Return the data below unaltered, but strip out the pictures.
Start of INFORMATION PROVIDED
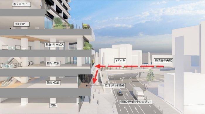 施設構成は、地下1階に駐車場等、地上1階~4階に店舗等、5階に住宅共用室等、6階~10階にホテル「京急EXイン横須賀中央駅前(仮称)」、11階~33階に共同住宅、塔屋階に機械室となります。また、横須賀中央駅と2階デッキレベルで直結します。また、ペデストリアンデッキ(Yデッキ)の整備により駅と直結し、歩行者ネットワークの強化が図られます。
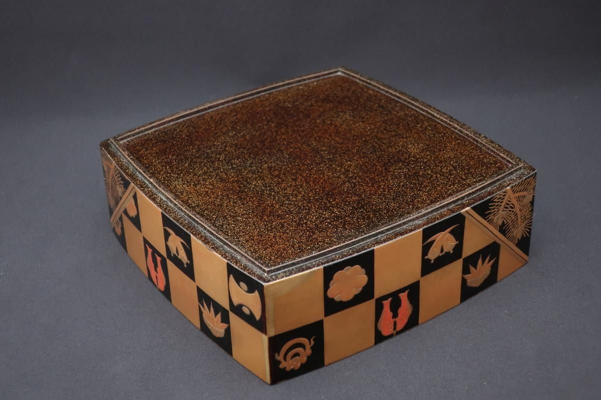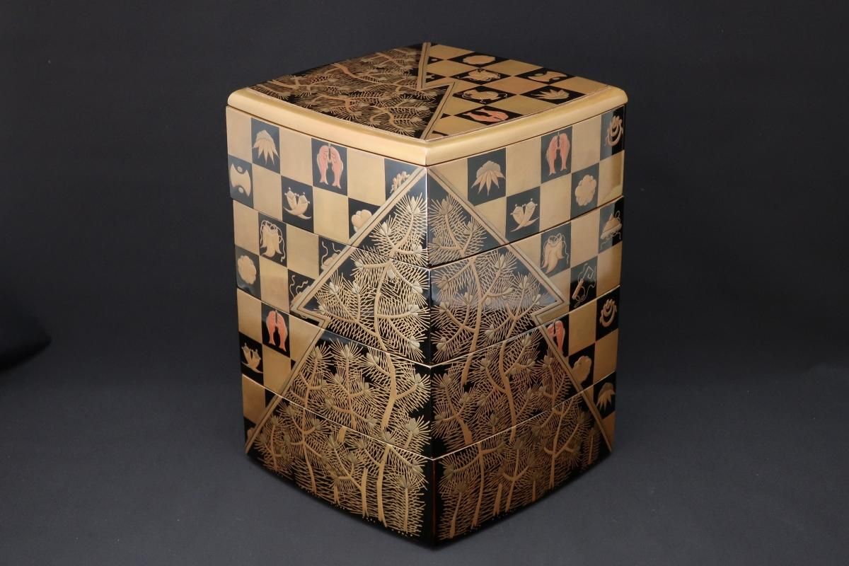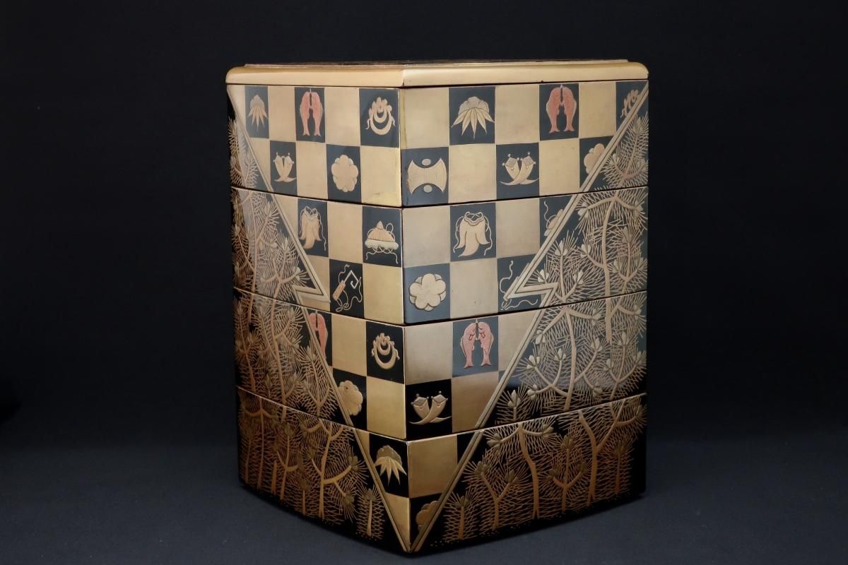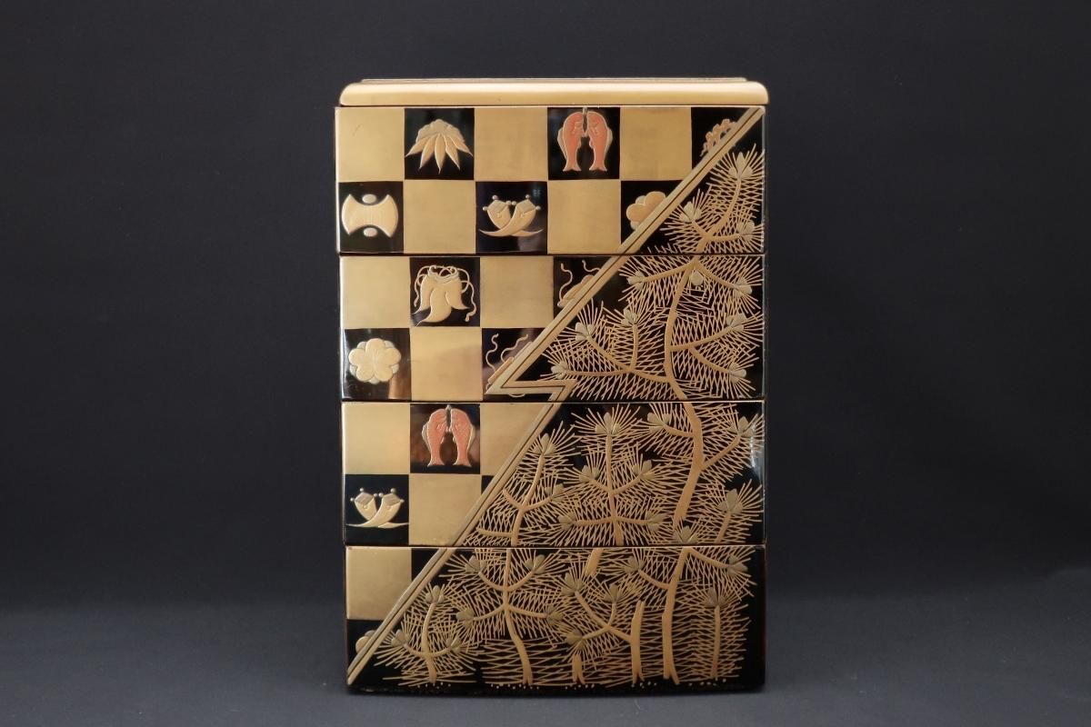 ☆古い時代の重箱は大きいものが多く、現代でも気軽に楽しめるものが少ないのが悩みどころ。ようやく入荷の小さめ重箱。小さいけれど、蒔絵の賑やかさやデザインはピカイチの美しい重箱です。吉祥文のモチーフ満載で松も綺麗に描かれています。せっかく準備するおせち、是非宝箱のような重箱に詰めてあげてください。もちろんおせち以外にも!!
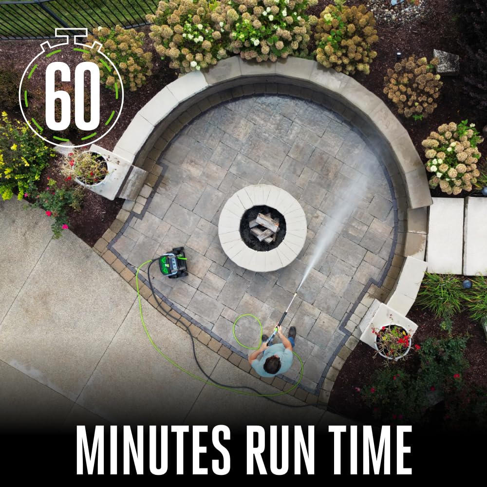 Details: The EGO POWER+ 3200 PSI Pressure Washer is the industry’s most powerful cordless pressure washer (based on 2023 Chervon testing on Turbo mode). Featuring Peak Power™ technology, this cordless electric pressure washer combines the power of any two EGO POWER+ 56V ARC Lithium™ batteries to deliver up to 3200 PSI at 1.2 GPM—and up to 2.0 GPM max—for powerful and efficient cleaning. It delivers up to 60 minutes of runtime on a single charge with two included 6.0Ah ARC Lithium™ batteries. Handheld pressure control allows you to select ECO, High, and Turbo modes as well as view battery charge status via the display integrated into the wand. Quick-connection points for hoses and the wand allow easy setup, breakdown, and nozzle changes. A telescopic handle pulls out for easy transport and collapses for compact storage. The power washer comes with a flexible 25-foot high-pressure hose, siphon hose, 15-degree nozzle, 25-degree nozzle, 40-degree nozzle, turbo nozzle, rinse nozzle, quick-connect short pressure washer gun, quick-connect wand lance, stainless steel wand, foam cannon, and filter. The portable pressure washer can draw from a fresh water source like a bucket when used with the included siphon hose. Clean with Power Beyond Belief™ with the EGO POWER+ 3200 PSI Pressure Washer.
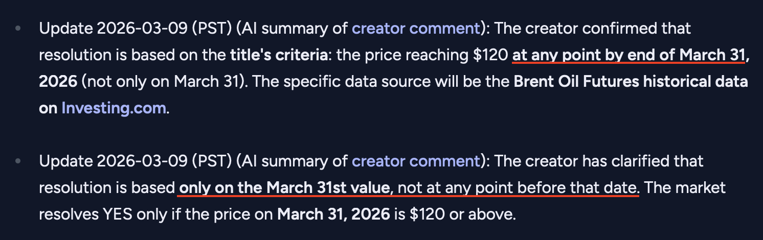 Update 2026-03-09 (PST) (AI summary of creator comment): The creator confirmed that resolution is based on the title's criteria: the price reaching $120 at any point by end of March 31, 2026 (not only on March 31). The specific data source will be the Brent Oil Futures historical data on Investing.com.
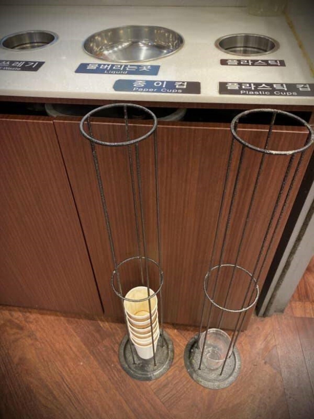 32. Стойки в корейской кофейне, где можно оставить использованные стаканчики из-под кофе. Затем они идут на переработку
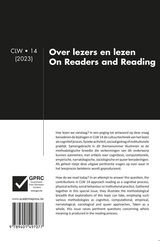 NL - Hoe lezen we vandaag? In een poging tot antwoord op deze vraag benaderen de bijdragen in CLW 14 de cultuurtechniek van het lezen als cognitief proces, fysieke activiteit, sociaal gedrag of institutionele praktijk. Samengebracht in dit themanummer illustreren ze de methodologische breedte die verkenningen van dit onderwerp kunnen aannemen, met artikels over cognitieve, computationele, empirische, narratologische, sociologische en queer benaderingen.
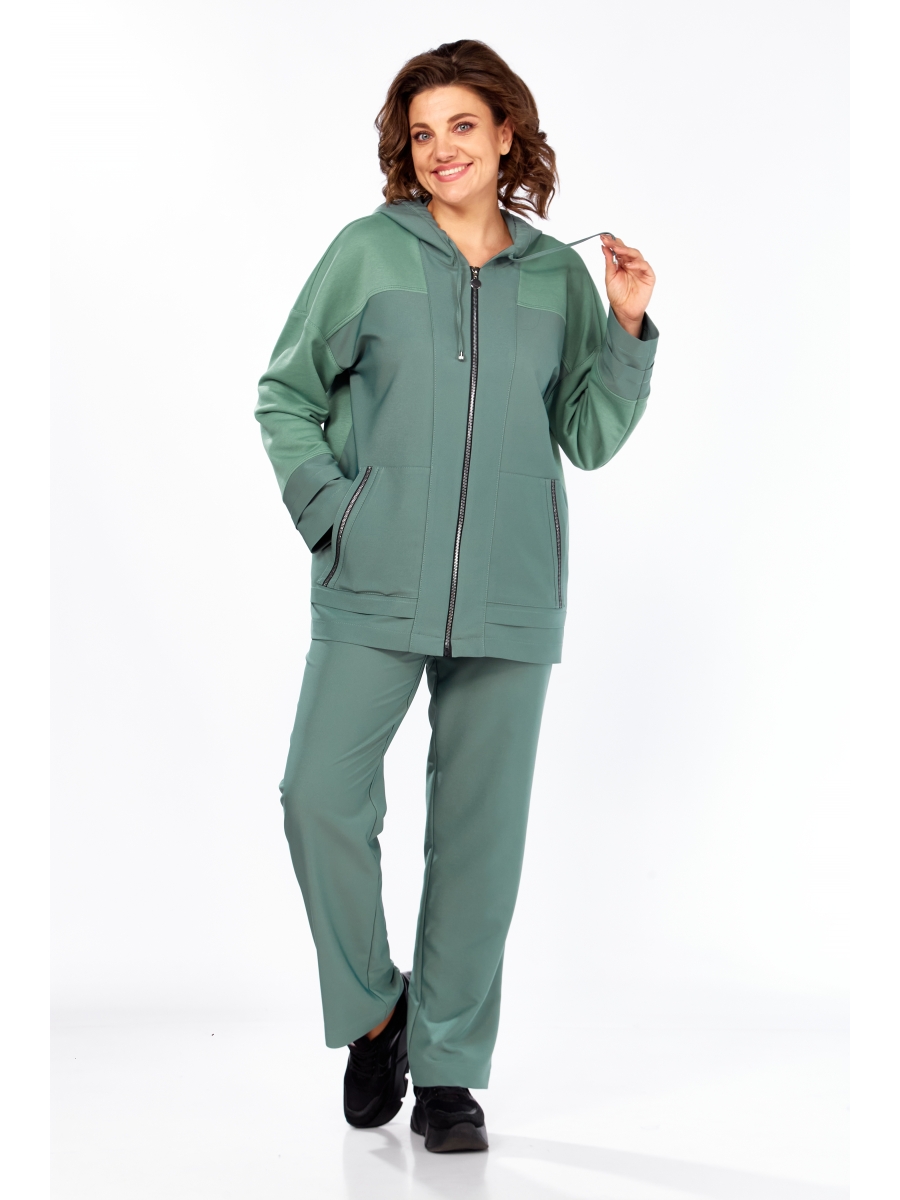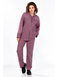 Жакет-худи с центральной застёжкой на молнию, имеет спущенную линию плеча. На переде обработаны кокетки, планки, накладные карманы с отделочной тесьмой, по низу застрочены декоративные складки. Спинка с кокеткой и средним швом. Рукав спущенный, длинный, на манжете заложена декоративная складка. Горловина обработана притачным капюшоном с кулисой.
End of INFORMATION PROVIDED
_RESULT:_
 施設構成は、地下1階に駐車場等、地上1階~4階に店舗等、5階に住宅共用室等、6階~10階にホテル「京急EXイン横須賀中央駅前(仮称)」、11階~33階に共同住宅、塔屋階に機械室となります。また、横須賀中央駅と2階デッキレベルで直結します。また、ペデストリアンデッキ(Yデッキ)の整備により駅と直結し、歩行者ネットワークの強化が図られます。
 ☆古い時代の重箱は大きいものが多く、現代でも気軽に楽しめるものが少ないのが悩みどころ。ようやく入荷の小さめ重箱。小さいけれど、蒔絵の賑やかさやデザインはピカイチの美しい重箱です。吉祥文のモチーフ満載で松も綺麗に描かれています。せっかく準備するおせち、是非宝箱のような重箱に詰めてあげてください。もちろんおせち以外にも!!
 Details: The EGO POWER+ 3200 PSI Pressure Washer is the industry’s most powerful cordless pressure washer (based on 2023 Chervon testing on Turbo mode). Featuring Peak Power™ technology, this cordless electric pressure washer combines the power of any two EGO POWER+ 56V ARC Lithium™ batteries to deliver up to 3200 PSI at 1.2 GPM—and up to 2.0 GPM max—for powerful and efficient cleaning. It delivers up to 60 minutes of runtime on a single charge with two included 6.0Ah ARC Lithium™ batteries. Handheld pressure control allows you to select ECO, High, and Turbo modes as well as view battery charge status via the display integrated into the wand. Quick-connection points for hoses and the wand allow easy setup, breakdown, and nozzle changes. A telescopic handle pulls out for easy transport and collapses for compact storage. The power washer comes with a flexible 25-foot high-pressure hose, siphon hose, 15-degree nozzle, 25-degree nozzle, 40-degree nozzle, turbo nozzle, rinse nozzle, quick-connect short pressure washer gun, quick-connect wand lance, stainless steel wand, foam cannon, and filter. The portable pressure washer can draw from a fresh water source like a bucket when used with the included siphon hose. Clean with Power Beyond Belief™ with the EGO POWER+ 3200 PSI Pressure Washer.
 Update 2026-03-09 (PST) (AI summary of creator comment): The creator confirmed that resolution is based on the title's criteria: the price reaching $120 at any point by end of March 31, 2026 (not only on March 31). The specific data source will be the Brent Oil Futures historical data on Investing.com.
 32. Стойки в корейской кофейне, где можно оставить использованные стаканчики из-под кофе. Затем они идут на переработку
 NL - Hoe lezen we vandaag? In een poging tot antwoord op deze vraag benaderen de bijdragen in CLW 14 de cultuurtechniek van het lezen als cognitief proces, fysieke activiteit, sociaal gedrag of institutionele praktijk. Samengebracht in dit themanummer illustreren ze de methodologische breedte die verkenningen van dit onderwerp kunnen aannemen, met artikels over cognitieve, computationele, empirische, narratologische, sociologische en queer benaderingen.
 Жакет-худи с центральной застёжкой на молнию, имеет спущенную линию плеча. На переде обработаны кокетки, планки, накладные карманы с отделочной тесьмой, по низу застрочены декоративные складки. Спинка с кокеткой и средним швом. Рукав спущенный, длинный, на манжете заложена декоративная складка. Горловина обработана притачным капюшоном с кулисой.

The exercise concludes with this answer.